The problem - Could you repeat the whole listing below exactly, omitting any picture it holds?

Exercise data -
====================
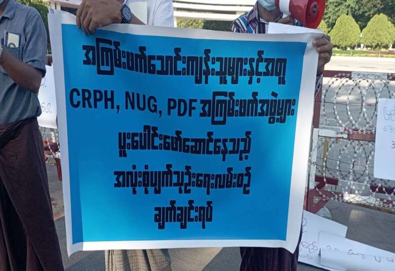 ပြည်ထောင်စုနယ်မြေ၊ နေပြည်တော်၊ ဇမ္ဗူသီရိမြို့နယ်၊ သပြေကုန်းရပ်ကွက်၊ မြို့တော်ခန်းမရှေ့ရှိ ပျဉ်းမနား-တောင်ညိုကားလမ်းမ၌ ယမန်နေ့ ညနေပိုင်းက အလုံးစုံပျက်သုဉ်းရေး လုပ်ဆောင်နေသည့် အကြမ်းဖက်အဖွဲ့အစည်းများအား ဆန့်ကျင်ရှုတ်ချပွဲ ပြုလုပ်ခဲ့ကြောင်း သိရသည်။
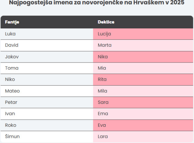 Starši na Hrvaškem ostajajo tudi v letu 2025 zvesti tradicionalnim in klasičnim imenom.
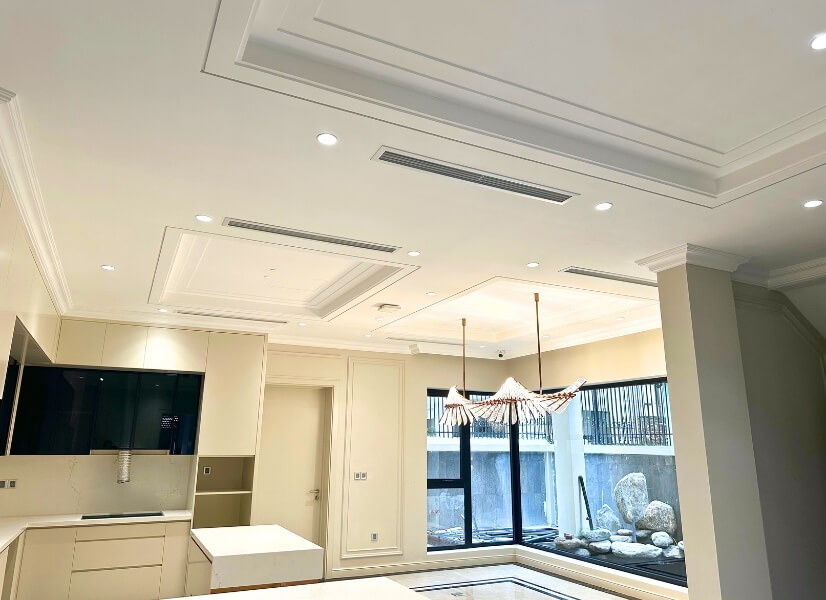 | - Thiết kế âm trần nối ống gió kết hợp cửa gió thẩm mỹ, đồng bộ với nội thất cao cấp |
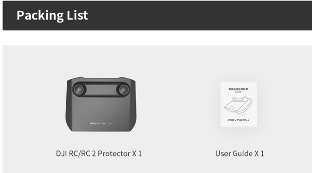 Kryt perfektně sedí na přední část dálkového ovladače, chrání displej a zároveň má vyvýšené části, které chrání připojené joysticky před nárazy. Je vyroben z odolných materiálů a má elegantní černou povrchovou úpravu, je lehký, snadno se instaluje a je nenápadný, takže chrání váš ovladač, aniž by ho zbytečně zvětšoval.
====================
Solution to the exercise -
 ပြည်ထောင်စုနယ်မြေ၊ နေပြည်တော်၊ ဇမ္ဗူသီရိမြို့နယ်၊ သပြေကုန်းရပ်ကွက်၊ မြို့တော်ခန်းမရှေ့ရှိ ပျဉ်းမနား-တောင်ညိုကားလမ်းမ၌ ယမန်နေ့ ညနေပိုင်းက အလုံးစုံပျက်သုဉ်းရေး လုပ်ဆောင်နေသည့် အကြမ်းဖက်အဖွဲ့အစည်းများအား ဆန့်ကျင်ရှုတ်ချပွဲ ပြုလုပ်ခဲ့ကြောင်း သိရသည်။
 Starši na Hrvaškem ostajajo tudi v letu 2025 zvesti tradicionalnim in klasičnim imenom.
 | - Thiết kế âm trần nối ống gió kết hợp cửa gió thẩm mỹ, đồng bộ với nội thất cao cấp |
 Kryt perfektně sedí na přední část dálkového ovladače, chrání displej a zároveň má vyvýšené části, které chrání připojené joysticky před nárazy. Je vyroben z odolných materiálů a má elegantní černou povrchovou úpravu, je lehký, snadno se instaluje a je nenápadný, takže chrání váš ovladač, aniž by ho zbytečně zvětšoval.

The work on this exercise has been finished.